Yusuf ini tipe pejabat yang tahu segala berita dan murah informasi karena saking luasnya jaring koneksi yang ia miliki dengan pejabat lain.
"Bapak cuma bilang 'kabarnya'. Udah. Itu ada nasabah kamu, Cori."
Dalam sekejap dua front liner itu menampilkan senyum profesional pada seorang wanita yang berjalan ke arah mereka. Urusan Ben yang kabarnya mau menikah Cori simpan dulu di laci memorinya meski hatinya beriak tak tenang
***
Di tengah konsentrasinya membaca tumpukan laporan dari dua kardus Indomie, Ben diinterupsi oleh getar ponselnya sendiri. Ben tidak suka diganggu ketika sedang bekerja.
"Agni?" gumam Ben. Keningnya mengernyit tidak senang menatap ponselnya yang masih bergetar, dan ikut-ikutan menggetarkan jantungnya. Ben benci bila jantungnya harus bereaksi hanya gara-gara perempuan ini.
"Hai, Ben. Apa kabar?" Sapa Agni pertama kali.
"Kenapa nelepon aku?" Dia bahkan tidak menjawab pertanyaan Agni.
"Masih aja dingin seperti dulu. Aku sedang di Batam. Mau meet up?"
"Aku sibuk. Lagi periksa unit."
Ben tidak membual. Lagian ia tidak mau berlama-lama bicara dengan perempuan ini.
"Nggak mau ya ketemu mantan?" goda Agni di seberang.
Ben memutar bola matanya. Ingin menyangkal tapi setelah di pikir-pikir, Agni ada benarnya. Mungkin Ben memang tidak mau lagi berurusan dengan mantannya.

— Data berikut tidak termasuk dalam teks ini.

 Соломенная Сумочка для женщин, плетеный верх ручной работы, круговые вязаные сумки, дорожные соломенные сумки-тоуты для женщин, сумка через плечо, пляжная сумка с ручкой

Tapi bila sama-sama bekerja di satu atap bernama PT. Sejahtera Bersama, suatu saat pasti akan bersinggungan, kan?
"Kerjaanku masih banyak, Agni. Kalau nggak ada hal penting yang mau dibicarakan, sebaiknya teleponnya aku tutup," pungkas Ben.

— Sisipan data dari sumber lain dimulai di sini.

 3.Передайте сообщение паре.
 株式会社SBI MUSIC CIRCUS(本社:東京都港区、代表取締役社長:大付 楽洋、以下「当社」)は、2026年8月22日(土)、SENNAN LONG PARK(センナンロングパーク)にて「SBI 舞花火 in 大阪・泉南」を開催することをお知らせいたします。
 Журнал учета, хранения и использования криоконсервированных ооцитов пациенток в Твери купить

"Ya ampun. Iya, iya. Aku mau minta bantuan kamu cari tempat tinggal."
"Karena ngurus karyawan yang dituduh merugikan nasabah itu?" tebak Ben.
"Ya, salah satunya."
Ben sampai memutar mata. Salah satunya. Berarti kehadirannya di Batam tidak sekedar sehari dua.
"Ditugaskan sama siapa?"
"Priyono. Aku nggak nyaman berdua aja cari tempat tinggal sama dia. Kamu tahu kenapa, kan?"
Ketidaknyamanan Agni mengingatkan Ben akan cerita masa lalu perempuan itu. Sepertinya Ben terpaksa mengalah kali ini.
"Baiklah. Nanti aku hubungi kamu lagi."
"Yes. Makasih, Benjamin."
Ben menghembuskan napas lelah. Pekerjaannya segudang, waktu bertemu Cori makin sedikit, dan sekarang Agni muncul lagi dalam hidupnya.
Ah, Agni. Ben tidak menyukai kehadirannya di Batam.